It copied nearly 110 GB of data and exited. Initially, we suspected it as a
network/OS issue. However, we tried to copy a 150 GB large file over the
network, which finished successfully.

What I observed is that it takes a couple of hours between below 2 lines.

115454656/1304172127 kB (8%), 0/1 tablespace
(...atastaging/base/115868/154220.2)
pgbasebackup: could not read COPY data: could not receive data from server:
Connection timed out

In other words, it run for an hour, and later, it takes 2 hours before it
times out.

Can someone please help me out here?

Regards,
Ninad Shah

#2Tom Lane
tgl@sss.pgh.pa.us
In reply to: Ninad Shah (#1)
Re: Issue with pg_basebackup v.11

Ninad Shah <nshah.postgres@gmail.com> writes:

What I observed is that it takes a couple of hours between below 2 lines.
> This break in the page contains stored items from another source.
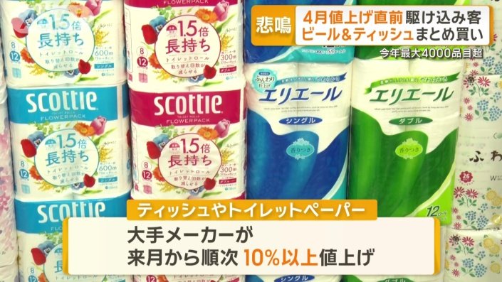 日用品のティッシュやトイレットペーパーは、大手メーカーが来月から順次、10%以上値上げします。止まらない値上げラッシュ。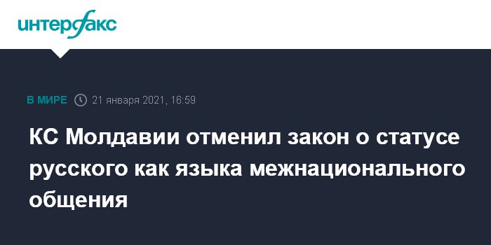 Москва. 21 января. INTERFAX.RU - Конституционный суд Молдавии признал неконституционным закон о функционировании языков и статусе русского языка. Такое решение КС принял в четверг по запросу трех депутатов от оппозиции.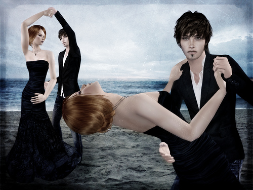 Two beautiful sims dancing on the beach. Screenshot taken and edited by me! :)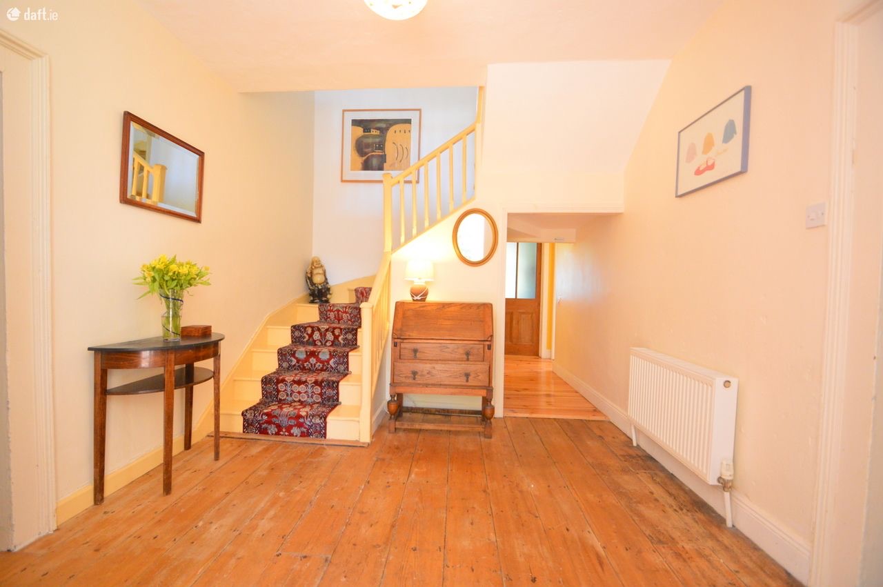 You enter the home into a large porch with original tiles and windows that look out onto the garden. This leads to a generous entrance hall with original wooden flooring. On either side of this space are two large reception rooms – a living room and a dining room, both with original features such as fireplaces, sash windows, and picture rails.

115454656/1304172127 kB (8%), 0/1 tablespace
(...atastaging/base/115868/154220.2)
pgbasebackup: could not read COPY data: could not receive data from server:
Connection timed out

We have heard reports of network connections dropping while pg_basebackup
is busy doing something disk-intensive such as fsync'ing. The apparent
2-hour delay here does not mean that pg_basebackup was out to lunch for
2 hours; more likely that reflects the TCP timeout delay before the kernel
realizes that the connection is lost. The actual blame probably resides
with some firewall or router that has a short timeout for idle
connections.

I'd try turning on fairly aggressive TCP keepalive settings for the
connection, say keepalives_idle=30 or so.

regards, tom lane

#3Ninad Shah
nshah.postgres@gmail.com
In reply to: Tom Lane (#2)
Re: Issue with pg_basebackup v.11

Hey Tom,

Thank you for your response. Actually, when we copy data using scp/rsync,
it works without any issue. But, it fails while attempting to transfer
using pg_basebackup.

Would keepalive setting address and mitigate the issue?

Regards,
Ninad Shah

On Fri, 22 Oct 2021 at 21:39, Tom Lane <tgl@sss.pgh.pa.us> wrote:

Show quoted text

Ninad Shah <nshah.postgres@gmail.com> writes:

What I observed is that it takes a couple of hours between below 2 lines.

115454656/1304172127 kB (8%), 0/1 tablespace
(...atastaging/base/115868/154220.2)
pgbasebackup: could not read COPY data: could not receive data from

server:

Connection timed out

We have heard reports of network connections dropping while pg_basebackup
is busy doing something disk-intensive such as fsync'ing. The apparent
2-hour delay here does not mean that pg_basebackup was out to lunch for
2 hours; more likely that reflects the TCP timeout delay before the kernel
realizes that the connection is lost. The actual blame probably resides
with some firewall or router that has a short timeout for idle
connections.

I'd try turning on fairly aggressive TCP keepalive settings for the
connection, say keepalives_idle=30 or so.

regards, tom lane

#4Tom Lane
tgl@sss.pgh.pa.us
In reply to: Ninad Shah (#3)
Re: Issue with pg_basebackup v.11

Ninad Shah <nshah.postgres@gmail.com> writes:

Would keepalive setting address and mitigate the issue?

[ shrug... ] Maybe; nobody else has more information about this
situation than you do. I suggested something to experiment with.

regards, tom lane

#5Ninad Shah
nshah.postgres@gmail.com
In reply to: Tom Lane (#4)
Re: Issue with pg_basebackup v.11

Thanks Tom.

Regards,
Ninad Shah

On Sat, 23 Oct 2021 at 20:12, Tom Lane <tgl@sss.pgh.pa.us> wrote:

Show quoted text

Ninad Shah <nshah.postgres@gmail.com> writes:

Would keepalive setting address and mitigate the issue?

[ shrug... ] Maybe; nobody else has more information about this
situation than you do. I suggested something to experiment with.

regards, tom lane